Records excerpted from a collection:
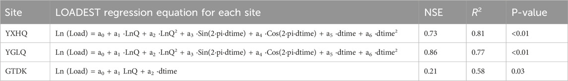 LOADEST was applied to arsenic concentration data collected at the three sites along main channel of ZR (GTDK, YGLQ and YXHQ) for the study period 2016–2023, and an overall reasonable model performance of the modelled daily arsenic load was reported, with NSE values of 0.21, 0.86, and 0.73, and R2 values of 0.58, 0.77, and 0.81, respectively, for the three mentioned sites (Table 4). The GTDK site is located at the downstream part of ZR close to watershed outlet, and it is subjected to the impact of urban runoff and industrial discharge from the urbanized part of Yunxiao county (Figure 2), while the rest of watershed represented by YGLQ and YXHQ is predominantly impacted by agricultural diffuse arsenic sources. This may have adversely affected the performance of LOADEST at GTDK.
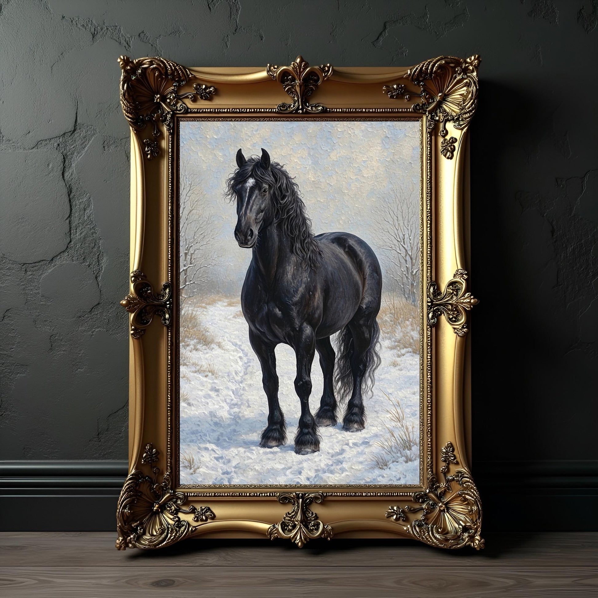 Black Horse Portrait Art Print: Winter Snow Scene For Horse Lovers
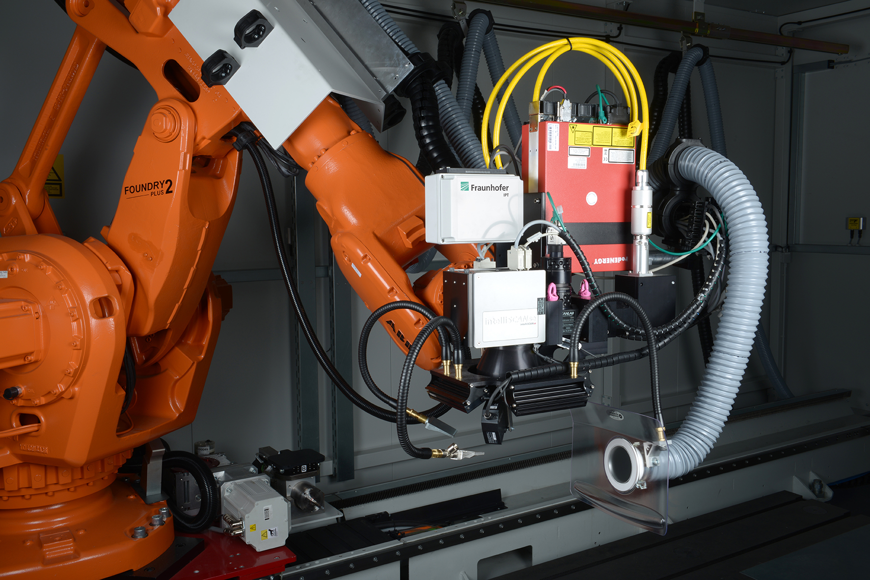Das neue System lässt sich in das eigens vom Fraunhofer IPT entwickelte »Multi-Technology Robot System for Adaptive Manufacturing MIRA« integrieren. MIRA bündelt mehrere Fertigungstechnologien wie das Bohren, Polieren oder Schleifen mittels einer Adapterplatte am Roboterkopf in einer einzigen lasergeschützten Roboterzelle. Dadurch lassen sich verschiedene Fertigungstechnologien in einem einzigen hybriden Fertigungssystem integrieren und so Rüst- und Nebenzeiten erheblich reduzieren. Neben den verschiedenen Fertigungstechnologien ist ein 3D-Digitalisierungssystem integriert, durch das sich die Qualität der einzelnen Fertigungsschritte ohne Umspannen überprüfen lässt. Der Industrieroboter ist auf einer Linearachse befestigt, wodurch sich die gesamte Aufspannfläche von 4 x 2,5 Meter ausnutzen lässt.
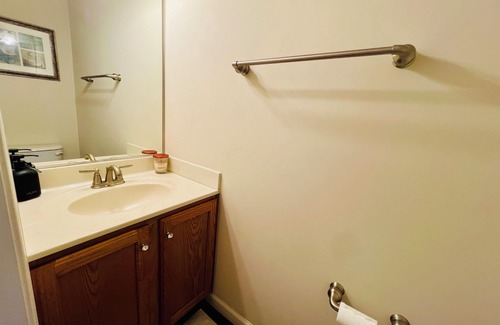 The full bathroom upstairs is sleek and modern, with high-quality fixtures, a bathtub, and all the essentials you need to start or end your day refreshed. Downstairs, you’ll find a convenient half bath, ensuring that everyone has enough space to get ready in the morning.
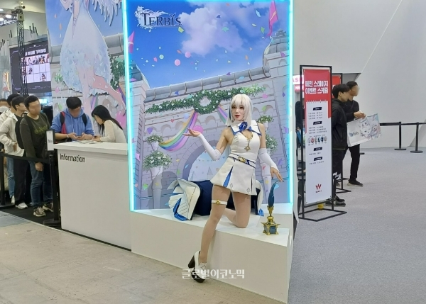 이미지 확대보기지스타 2023 웹젠 부스에서 차기작 '테르비스' 속 캐릭터로 분장한 코스프레 모델. 사진=이원용 기자
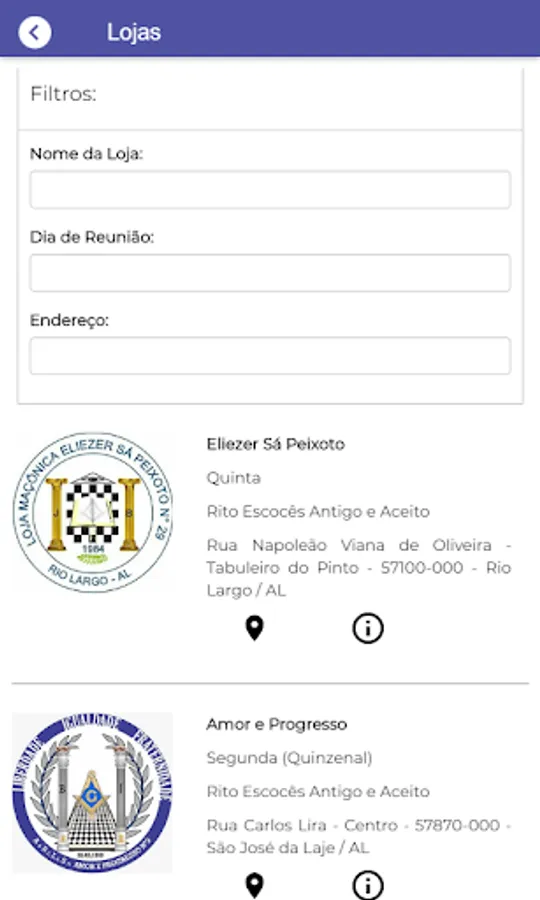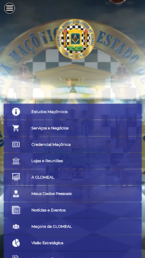 Through the menu “A GLOMEAL”, to have access to the history of the Masonic Grand Lodge of the State of Alagoas, to be able to access and view data about the organizations and members that are part of GLOMEAL, through the respective menus “Shops” and “Freemasons of GLOMEAL ”. Have access to your own personal data through the "My Personal Data" menu.
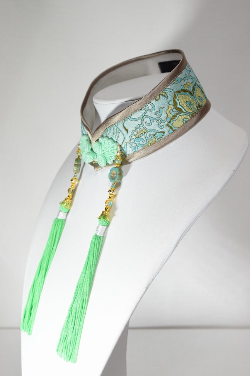 中華襟チョーカー(金白翠)Mサイズ[AR-SC208]
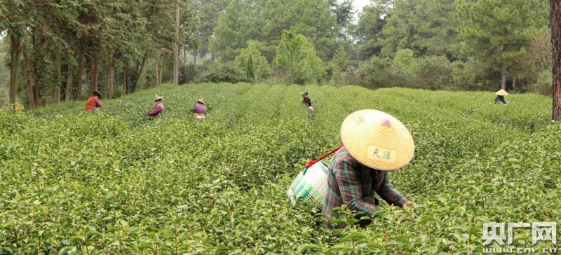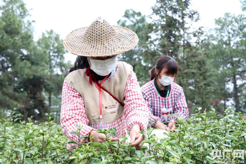 位于該鄉(xiāng)恩山村的茗龍公司茶園里綠意盎然、生機(jī)勃勃。測(cè)完體溫、領(lǐng)到口罩的150余名采茶工人分散開忙碌起來。

= Problem =
Repeat exactly the lines from the one containing "中華襟チョーカー(金白翠)Mサイズ[AR-SC208]" through the last line of the records above, both included, and leave out the pictures.

= Exercise answer =
 中華襟チョーカー(金白翠)Mサイズ[AR-SC208]
 位于該鄉(xiāng)恩山村的茗龍公司茶園里綠意盎然、生機(jī)勃勃。測(cè)完體溫、領(lǐng)到口罩的150余名采茶工人分散開忙碌起來。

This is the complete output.